Statement 1: In process of photoelectric emission, all emitted electrons do not have same kinetic energy.
Statement 2: If radiation falling on photosensitive surface of a metal consists of different wavelengths, then energy acquired by electrons absorbing photons of different wavelengths shall be different.

To analyze the given statements regarding photoelectric emission, we can break down the solution into clear steps. ### Step-by-Step Solution: 1. **Understanding Photoelectric Emission**: - In the photoelectric effect, when light (photons) strikes a metal surface, it can cause the emission of electrons from that surface.

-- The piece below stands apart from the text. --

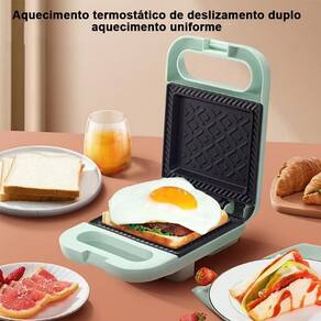 A Sanduicheira Elétrica Portátil é a solução perfeita para preparar lanches rápidos e deliciosos a qualquer hora do dia. Com um design compacto e moderno na cor verde claro, ela combina praticidade com estilo, sendo ideal para uso doméstico ou em ambientes de trabalho. Com 500W de potência, esta sanduicheira aquece rapidamente e oferece desempenho eficiente para preparar sanduíches crocantes e uniformemente tostados. Características Principais: Potência de 500W: Garante aquecimento rápido e eficiente, permitindo preparar lanches em poucos minutos. Revestimento Antiaderente: As placas internas possuem revestimento antiaderente, facilitando a limpeza e evitando que os alimentos grudem. Design Compacto e Portátil: Leve e fácil de transportar, é ideal para uso em qualquer lugar, desde cozinhas pequenas até escritórios. Indicador de Funcionamento: Luz indicadora que mostra quando o aparelho está ligado e pronto para uso, garantindo segurança e praticidade. Fechamento Seguro: Sistema de trava que mantém as placas bem ajustadas durante o preparo, garantindo que os sanduíches sejam tostados de maneira uniforme. Fácil Armazenamento: Compacta e com possibilidade de armazenamento na posição vertical, economizando espaço na cozinha. Especificações Técnicas: Potência: 500W Voltagem: 220V Revestimento: Placas com revestimento antiaderente Peso: 0,650KG Cor: Verde Claro Benefícios: Praticidade no Dia a Dia: Prepara sanduíches de maneira rápida e eficiente, ideal para lanches rápidos. Facilidade de Limpeza: Revestimento antiaderente que facilita a limpeza após o uso. Design Elegante: A cor verde claro adiciona um toque de modernidade e estilo à sua cozinha. Versatilidade: Perfeita para preparar uma variedade de sanduíches e outros lanches, como torradas e paninis. Inclui na Embalagem: 1 Sanduicheira Elétrica Portátil 1 Manual de Instruções A Sanduicheira Elétrica Portátil é uma excelente opção para quem busca praticidade e eficiência na preparação de lanches. Compacta, fácil de usar e com um design charmoso, ela se destaca como um utensílio indispensável para qualquer cozinha moderna. Marca: Não Informado Ean: 7893934876840

The energy of the incoming photons is crucial in determining whether electrons are emitted and with what kinetic energy. 2. **Statement 1 Analysis**: - **Statement 1**: "In the process of photoelectric emission, all emitted electrons do not have the same kinetic energy." - This statement is true. Electrons emitted from different depths within the metal will have different kinetic energies. Electrons closer to the surface (top surface) will have higher kinetic energy compared to those emitted from deeper layers due to the additional energy required to escape from the metal's interior. 3. **Statement 2 Analysis**: - **Statement 2**: "If radiation falling on the photosensitive surface of a metal consists of different wavelengths, then the energy acquired by electrons absorbing photons of different wavelengths shall be different." - This statement is also true. The energy of a photon is given by the equation \(E = \frac{hc}{\lambda}\), where \(h\) is Planck's constant, \(c\) is the speed of light, and \(\lambda\) is the wavelength. Different wavelengths correspond to different energies, leading to varying kinetic energies of emitted electrons. 4. **Conclusion on Statements**: - Both statements are true. However, the reason for the differences in kinetic energy in Statement 1 is due to the depth from which the electrons are emitted, while in Statement 2, it is due to the varying energies of photons based on their wavelengths. Therefore, while both statements are correct, Statement 2 does not serve as a correct explanation for Statement 1. 5. **Final Answer**: - The correct option is that both statements are true, but Statement 2 is not a correct explanation of Statement 1.